Vous avez d’ailleurs évoqué tout à l’heure qu’ils essaient de contourner la position hongroise. Et en effet, la proposition revient de plus en plus souvent : il faudrait supprimer le droit de veto des États membres. Et si l’on parle de messages directs, citons Manfred Weber, président du Parti populaire européen, qui a dit qu’il en avait assez de voir Viktor Orbán « danser sur la tête des citoyens européens ».

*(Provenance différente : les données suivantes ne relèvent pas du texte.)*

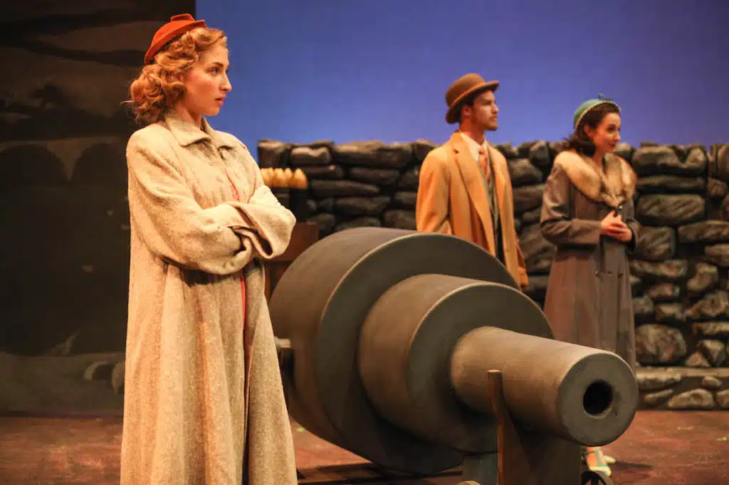 Scene two shifts to the grotty Salvation Army shelter in West Ham. Haley Parks’ noisome set design guarantees that no romanticizing of poverty will be allowed. Andrew has bargained with Barbara that he will visit the shelter if she responds by coming to his munitions factory. The hangers-on, like smudged but pretty Rummy Mitchens (Victoria Madden), and street characters Bronterre O’Brien “Snobby” Price (Jackie McKenna) and Peter Shirley (Danny Polevy), looked borrowed from a Dickens novel. Important dialect coach Holly Thuma has ensured a class-driven lingo just inside comprehensibility. From Oliver Twist comes a meaner, more lethal version of Bill Sykes named Bill Walker (Matthew Mueller), who smashes the face of lovely Salvation Army lassie Jenny Hill (Hannah Shaffer).
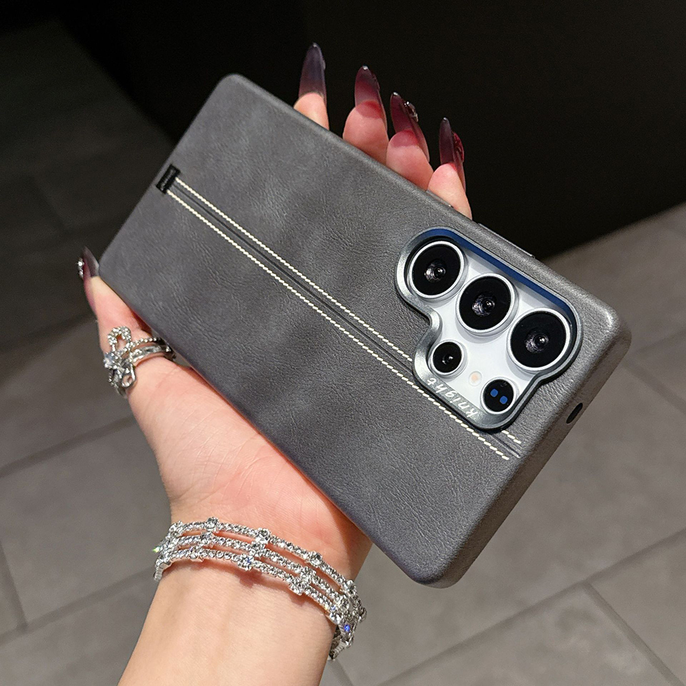 Retro PU Leather Texture Magsafe Phone Case For Samsung Galaxy S25 Ultra ,S24 Ultra . Luxury Metal Lens Wireless Charging Armor Cover

Il en a tellement assez qu’ils ont monté à toute vitesse un parti : le Tisza. Ils l’ont fabriqué ici, à Bruxelles, et l’ont officiellement lancé. J’étais moi-même présent à un débat où cela a été annoncé : selon eux, je dois plier bagage, moi et le gouvernement national. Parce que Bruxelles veut un nouveau gouvernement pour la Hongrie. Leur solution, c’est le Tisza, son chef : voilà, c’est le futur gouvernement. Ils travaillent à cela à plein régime, et ils ne s’en cachent même pas. Pour eux, la solution ne consiste pas à nous convaincre, ni à trouver un compromis, ni à reconnaître la légitimité de la position hongroise. Non. Leur solution, c’est de faire en sorte que, quoi que disent les Hongrois, un autre gouvernement soit en place : un gouvernement qui, lorsqu’un vote est requis ici à Bruxelles, votera comme le souhaitent M. Weber ou Mme von der Leyen. Voilà le nom du jeu. C’est pourquoi, hier, j’ai débattu avec les commanditaires de l’opposition hongroise. Bien sûr, il faut échanger avec l’opposition en Hongrie, mais cela a peu d’importance. Le vrai combat, il est ici, à Bruxelles. Face aux commanditaires du Tisza et de la DK. C’est face à eux que je dois défendre les intérêts de la Hongrie. Le Tisza et le DK ne sont que des mandataires. Ils représentent Bruxelles en Hongrie, et non la Hongrie à Bruxelles.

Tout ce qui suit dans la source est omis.